Wednesday, August 1, 2018

Sheriff Levi Johnson

 Levi was a deputy sheriff for the newly developed Granite county while John Cole was sheriff. Levi then ran for the office of Sheriff as a republican against incumbent John Cole and Samuel Snyder in 1896. Election results in November were as follows: Cole 180 votes; Johnson 357 votes and Snyder 172 votes. Thus, Levi became the second sheriff of Granite County. 

The term of sheriff was for two years and Levi was involved in many ventures besides filling the office of sheriff. After serving the 2 year term as Sheriff, he did not run for re-election. Levi did run for Sheriff again in 1900 and lost to George Metcalf. 

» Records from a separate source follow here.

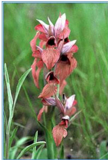
Serapias cordigera www.delfinadearaujo.com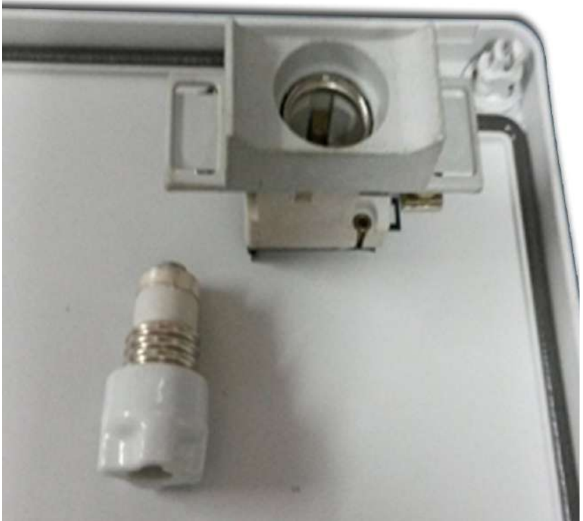
Exemple d'un fusible

Un cop tinguem tots els elements identificats hem de preveure les eines necessàries per a dur a terme la punxada. A nivell bàsic seran les que es detallen al final d'aquest punt.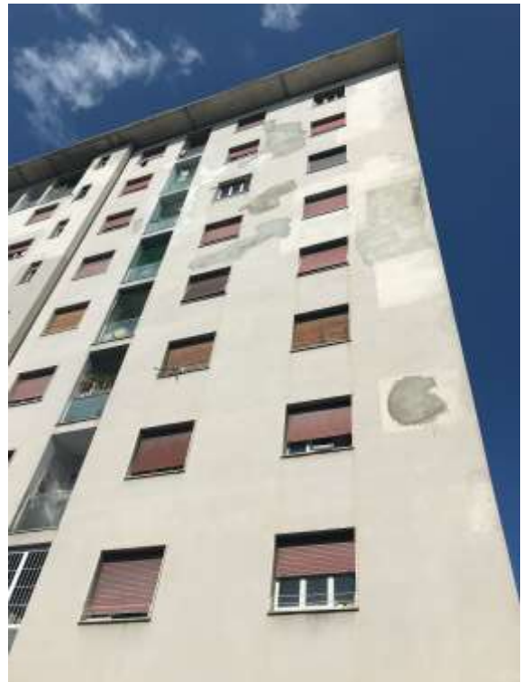
Immagini 3. 4. Il fabbricato in cui si colloca l'unità in oggetto della relazione inquadrato dall'esterno.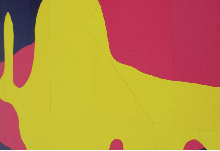
Faking, 2010 - Acrylique sur toile, ø 170 cm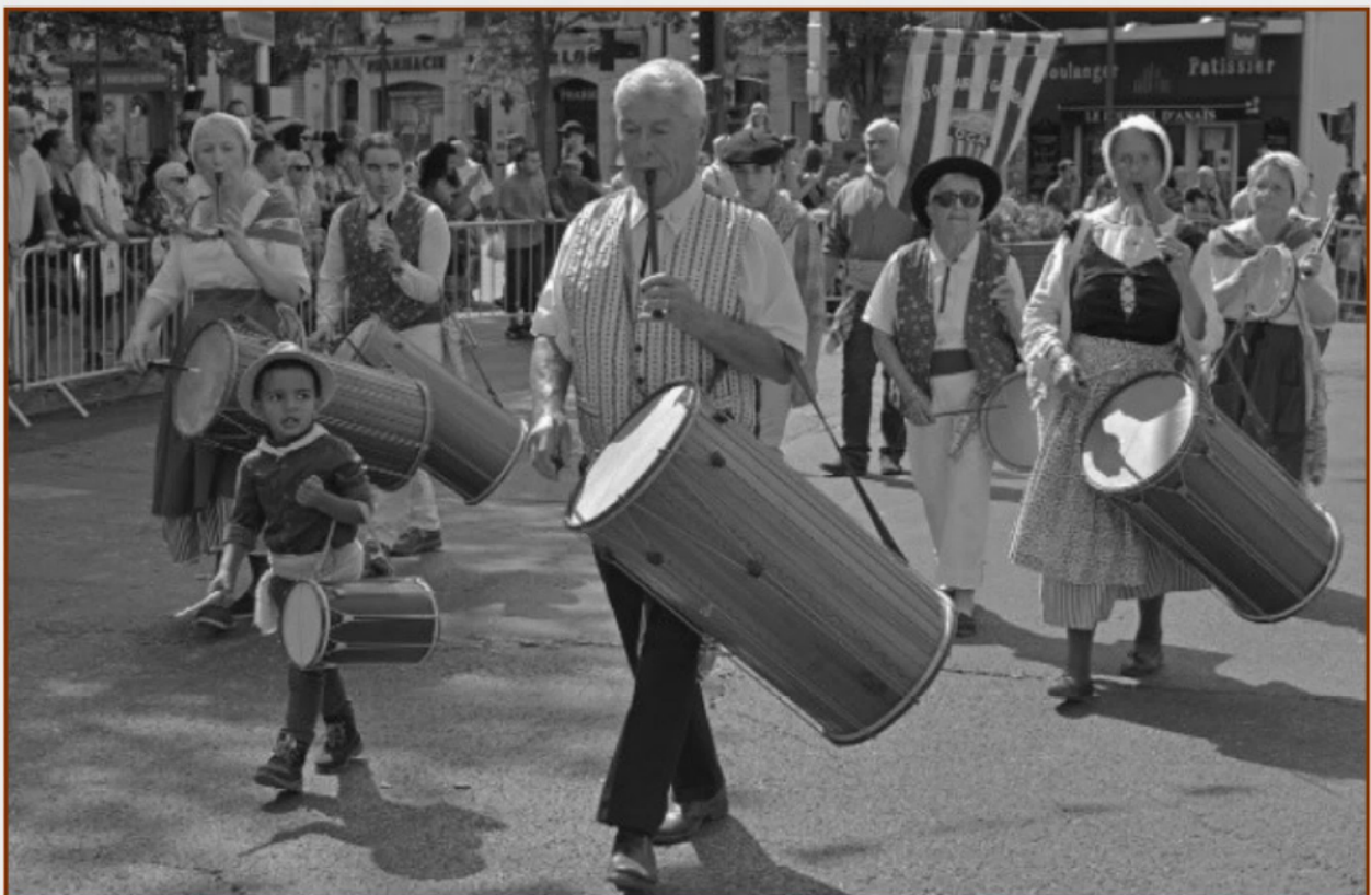
Les tambourinaires des Dansaires de Garlaban lors de la Cavalcade, dimanche 20 août 2017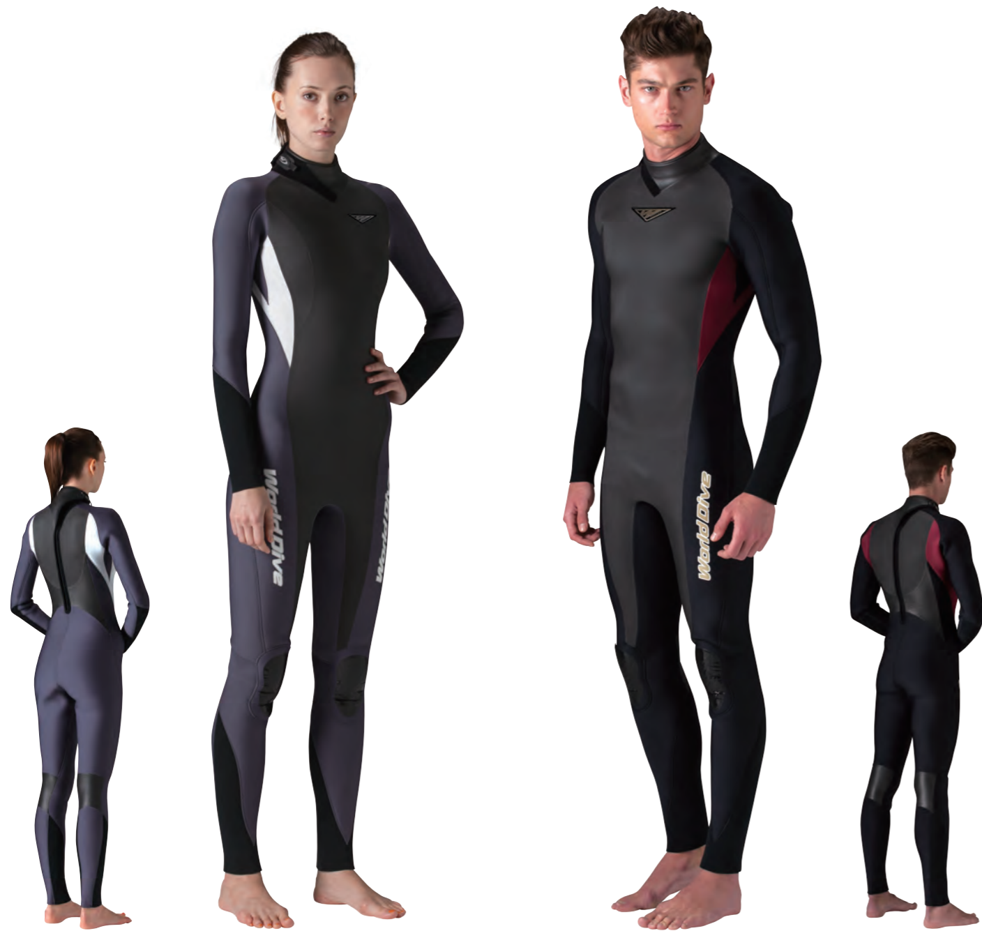
▲チャコールグレイ (FE)×ホワイト (FE)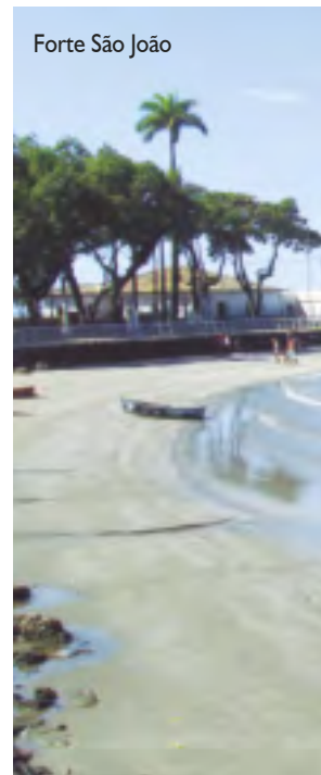
Forte São João

tos turísticos, como píeres, marinas, e os manguezais. São os rios e suas grandes extensões um dos passeios mais apreciados para estudos dos manguezais, contato com a natureza e prática da pesca amadora.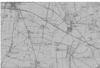
Siedlec i okolice na mapie z 1944 roku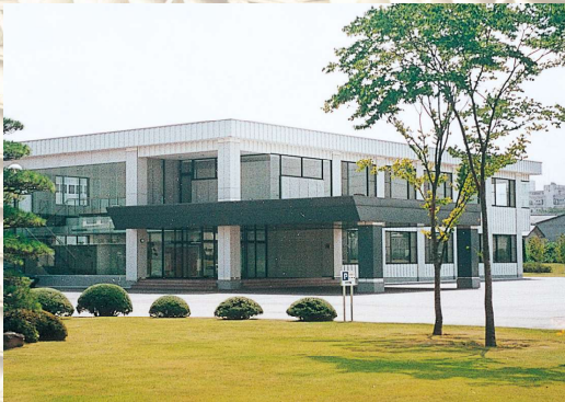
長野森紙業(株)塩尻事業所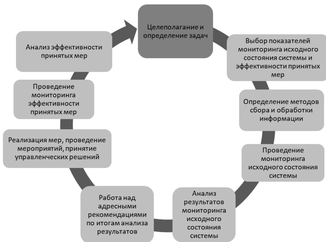
Рис. 1. Полный управленческий цикл реализации механизмов управления качеством образования [9]

Таким образом, показатели играют существенную роль в описании процессов гармонизации. В современной отечественной системе управления такими показателями являются показатели мониторинга исходного состояния системы и эффективности принимаемых мер (рис. 1).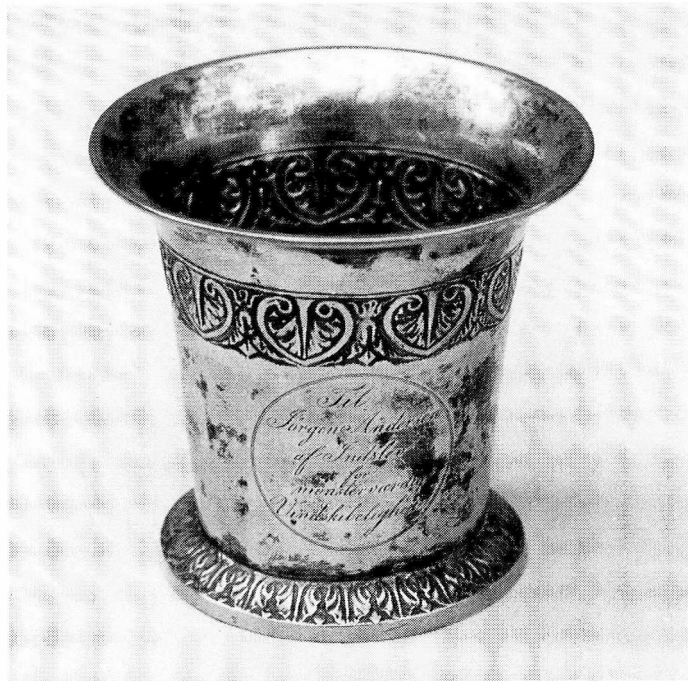
Fig. 7. Bæger udført af Poul Resen Eggersen 1836, dvs. efter den egentlig præmieperiodes ophør.

bortset fra borternes mønster. 33 Af det kendte materiale ser det ud til, at disse er blevet ændret hvert år på bægrene i den yngste gruppe.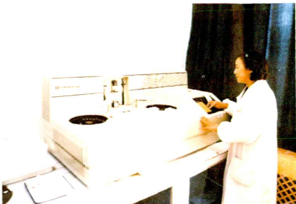
生化室检查人员正在作心肌酶谱测定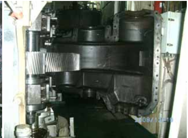
CARGO PUMP 減速齒輪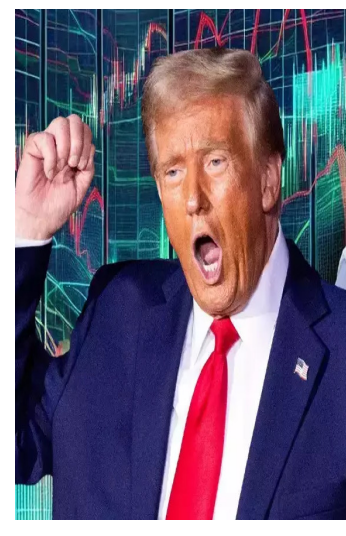
(સંપૂર્ણ સમાચાર સેવા) વોશિંગ્ટન, તા.૧૨ અમેરિકાના પ્રમુખ ડોનાલ્ડ ટ્રમ્પે પેલેસ્ટાઈનના ઉશ્વેચક સંગઠન હમાસને આકરી ધમકી આપી છે. ડોનાલ્ડ ટ્રમ્પે કહ્યું કે, જો શનિવાર સુધી હમાસ ઈઝરાયેલના અપહરણ કરાયેલા નાગરિકોને છોડશે નહીં તો ગાઝામાં બધું બરબાદ થઈ જશે. આ સાથે, ટ્રમ્પે કહ્યું કે જો શનિવારે ૧૨ કલાક સુધી તમામ બંધકોને છોડાશે નહીં તો મને લાગે છે કે સીડકાઈયરની સમજૂતિનો કારાર

૨૬ કરી દેવો જોઈએ. જોકે, ટ્રમ્પે ઓવલ ઓફિસમાં મીડિયા સમક્ષ કહ્યું કે, સીડકાઈયર ચાલુ રાખવો કે બંધ કરવો એ નિર્ણય ઈઝરાયેલે લેવાનો છે. પરંતુ બાકીના તમામ બંધકોને એક સાથે જ મુક્ત કરવા જોઈએ, નહીં કે ત્રણ-ચાર જૂથમાં. અમે તમામ બંધકોને એક સાથે મુક્ત કરવામાં આવે તેમ ઈચ્છીએ છીએ. જોકે હું આ વાત ફક્ત મારા તરફથી કહી રહ્યો છું. ટ્રમ્પનું કહેવું છે કે એ શનિવાર સુધીની સમયમર્યાદાને લઈને એ ઈઝરાયેલના વડાપ્રધાન બેન્જામિન નેતન્યાહુ સાથે વાતચીત કરશે. જોકે, આ અંગે વધુ માહિતી આપી નથી. હમાસે મુદ્દે સમજૂતી કરે કે હું શું કહેવા ઈચ્છું છું. આ પહેલા ટ્રમ્પે ગાઝા પર કબજો કરીને ત્યાં સિટી રિસોર્ટ બનાવવાની વાત કહી છે. ત્યારે ટ્રમ્પે કહ્યું હતું કે પેલેસ્ટાઈનના લોકોને ગાઝામાંથી વિસ્થાપિત કરીને જોર્ડન અને ઈજીપ્તમાં વસાવવા જોઈએ. જોકે, જોર્ડન અને ઈજીપ્ત બંને ટ્રમ્પના આ પ્લાનનો વિરોધ કર્યો હતો.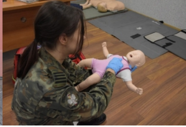
Kolejna grupa funkcjonariuszy Straży Granicznej wyjechała na misje do Republiki Macedonii Północnej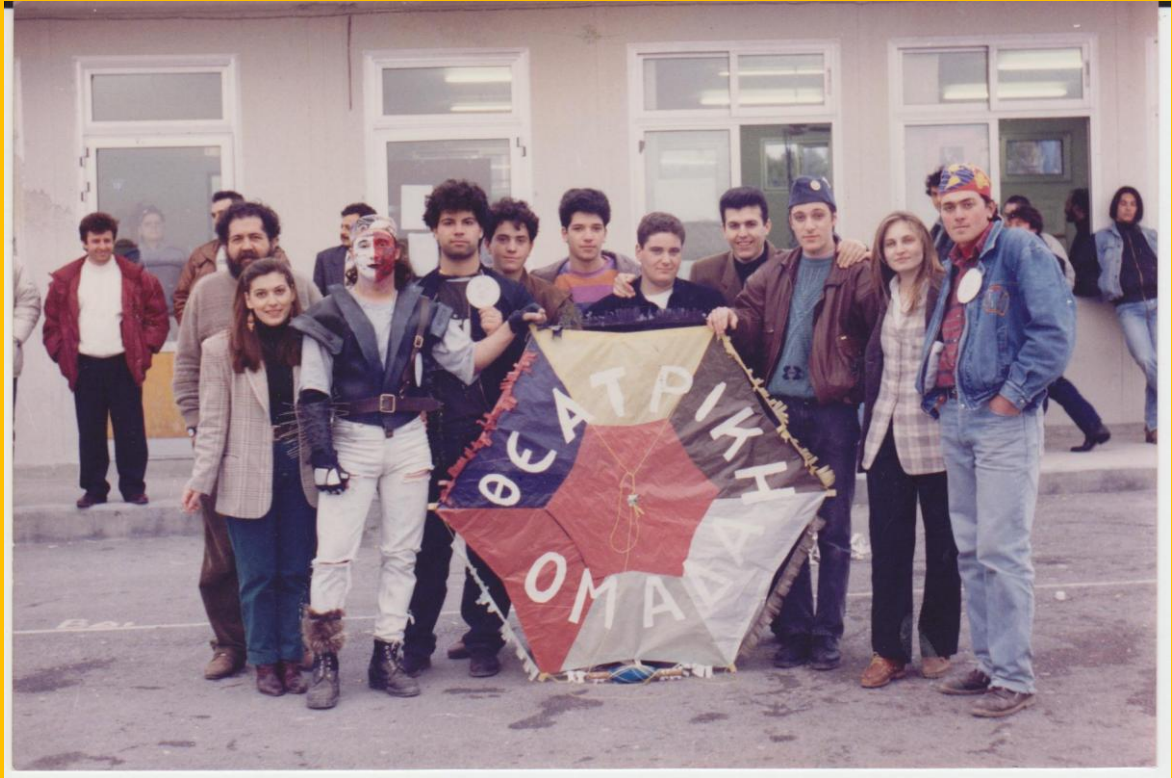
Απόκριες στο σχολείο με τη θεατρική Ομάδα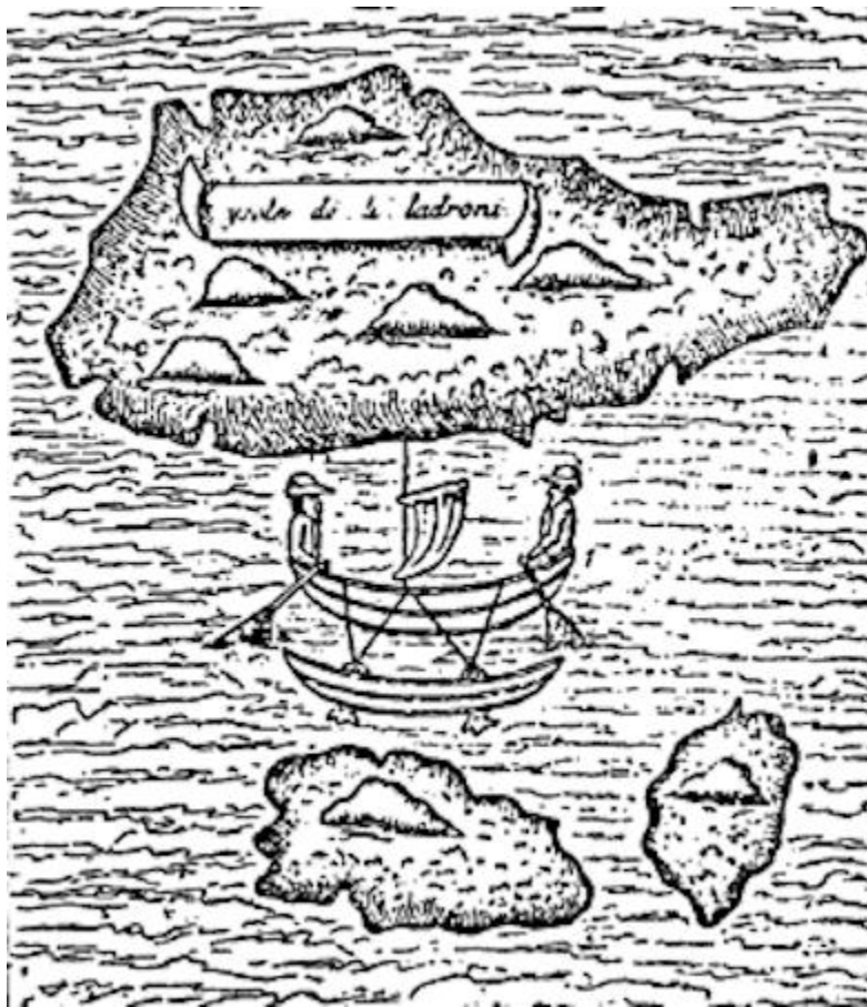
Figura 2. Isla de los Ladrones, según Pigafetta. La barca está emparejada con otra a modo de balancín o batanga.

era que una escuadra de cinco navíos, al mando de Fernando Magallanes, había partido de Sevilla para ir a descubrir las Malucco en nombre del rey de España; y que el rey de Portugal, tanto más disgustado de la expedición, cuanto que aquél era uno de sus súbditos que buscaba su daño, envió navíos al Cabo de Buena Esperanza y al cabo de Santa María 230 , en el país de los caníbales, para interceptarle el paso en el mar de las Indias; pero que no le habían encontrado.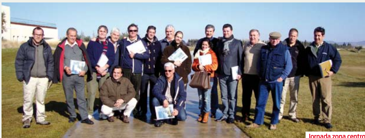
Jornada zona centro.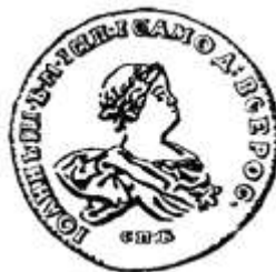
Рубль Ивана Антоновича 1741 года.

Шел к концу 1825 год. Вдалеке от столицы России, в городе Таганроге, умер император Александр I. Так как детей у него не было, престол переходил к брату покойного, Константину. Лишь мать-царица да три-четыре приближенных знали, что Константин еще в 1819 году отказался от своих прав на престол и что Александр I давно подписал манифест, которым наследником назначался другой брат – Николай.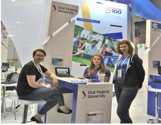
Rusya Ural Federal University ile yapılan görüşme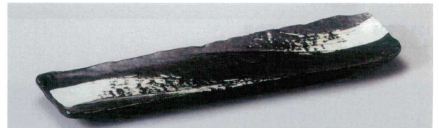
136-6-375 黒炭白刷毛細長皿(美濃焼) 1,800円 35.5×9.8×2.5cm 13309373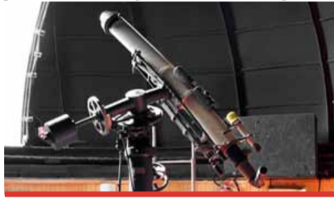
Mostecká hvězdárna, která nově spadá pod mosteckou knihovnu, se může pochlubit unikátním dalekohledem se speciálním filtrem, kterým je možné pozorovat slunce.

Hvězdárna je už dva roky uzavřená. Důvodem je rekonstrukce hradu. Hvězdárna prošla opravou a znovu se otevře na jaře. „Připravují se převodní smlouvy, protože dosud hvězdárnu provozovala Hvězdárna a planetárium Teplice, spadající pod Ústecký kraj. S ředitelem hvězdárny jsme se domluvili na spolupráci a na tom, že knihovna je nekompetentnějším subjektem, který by ji mohl spravovat, a to i vzhledem k tomu, že pod sebou máme planetárium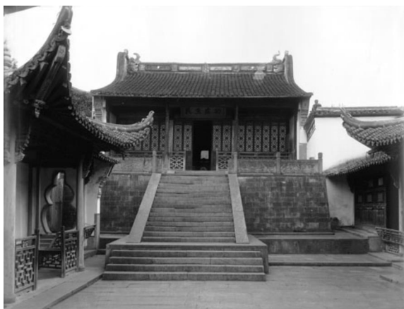
竹素园的湖山春社。(弗利尔, 1911)

竹素园里还有一座外形式样与聚景楼相似，但窗格花纹不同，而且是建在高台上的楼榭。园内的流觞小溪逶迤地从它前面的假山之间缓缓流过。仔细观察，可以看到它的大门两旁挂有两个长对联：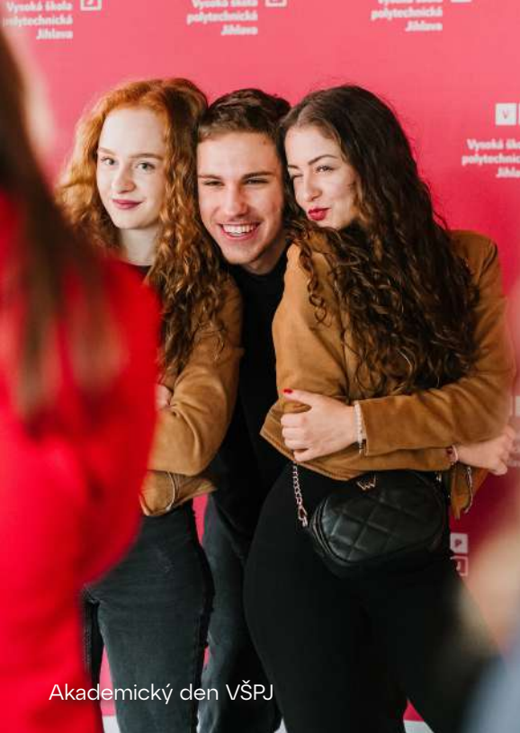
Akademický den VŠPJ

 As stated in an earlier article, Johnson was involved with George Babcock in the discovery of the Golden Sceptre. With the building of Quigley, Levi constructed a sawmill a short distance up Rock Creek that was put into operation on May 28, 1896. According to “Up the Creek.” written by Darlene Olsen, after the fall of Quigley, Johnson opened a sawmill on 160 acres he bought near the junction of Willow Creek and Rock Creek. Research does not reveal that Levi owned property on this Willow Creek. His ranch was located on Lower Willow Creek where he was operating a sawmill at the time of his death. 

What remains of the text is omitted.